Wednesday, June 20, 2012

Universities Function Well; Wall Street Functions Badly

I liked Matt Yglesias' post a week ago about the success of American higher education, measured in terms of the eagerness of foreign students to get degrees in America and the willingness of their wealthy parents to pay full price.  It's something that I'm aware of, working at a university overseas -- an American university degree is an extremely valuable and highly regarded credential.

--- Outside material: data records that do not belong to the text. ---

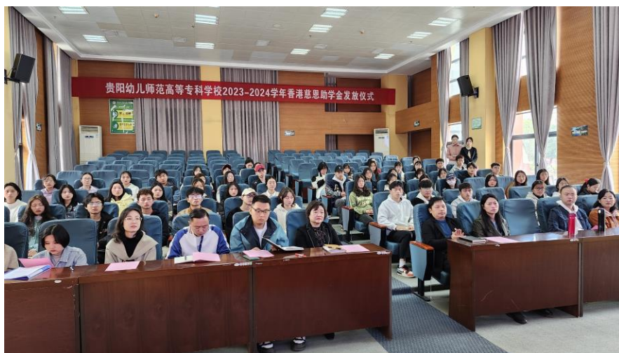
貴陽幼兒師範助學金發放儀式
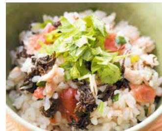
真好吃的長壽藻飯 QQ 的清爽的很健康！ 只要將配料跟米放在電飯鍋裡一起煮就好了
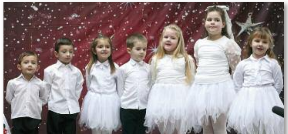
Az Őzike csoport műsora

SZÖVEG: NAGY KINGA
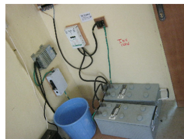
Nový bateriový systém, vč. kyblíku!

Takže jeden z mých hlavních úkolů bylo, vyřešit tuto frustraci a nainstalovat nové bezdrátové přístroje. A jako vždycky, nebylo jednoduché je udržet v chodu, když elektřina vypadávala. Takže jsem najal místního elektrikáře, který nám sestavil nový bateriový systém – vlastně to dělal dvakrát, protože ty první baterie moc dobře nefungovaly. Také jsme měli problém s dírou ve střeše, která byla přesně nad tímto systémem! Což byla další „radost“ v období dešťů! Takže nám to všechno trvalo déle, než jsme předpokládali, ale teď je už střecha opravená a bezdrátový systém funguje.

Eleven days ago, the University of Virginia Board of Visitors (many with ties to Wall Street, as Siva Vaidhyanathan reports, led by hedge fund billionaire and Goldman Sachs partner Peter Kiernan) decided to fire President Teresa Sullivan.  While they didn't have a good reason for their decision, they had lots of corporate buzzwords.  Lots has been written on this, but Kieran Healy's satire is about as good as it gets.  I read Sullivan's strategy memo, written about a month before she was fired, and thinking, "yeah, this is the sort of sensible person I'd be happy to have as my university president."  And when I read Siva's article, I thought "these people on the Board of Visitors are pretty good at talking in a way that makes a certain segment of rich people think they know what they're doing, but that's about it."  

Many people have decried the corporate mentality of the Board of Visitors as a bad way to run a university.  I don't know that it's a good way to run anything.  Universities are well-functioning pieces of the American economy that produce enormous amounts of carefully collected research and attract students from around the world.  The financial sector is a poorly functioning piece of the economy that absorbs enormous amounts of society's resources and periodically generates financial crises.  Lots of people are in awe of Wall Street because sometimes people there use a combination of luck and skill in exploiting principal / agent problems to become billionaires, but I don't take that as a sign that it's playing a useful role in society.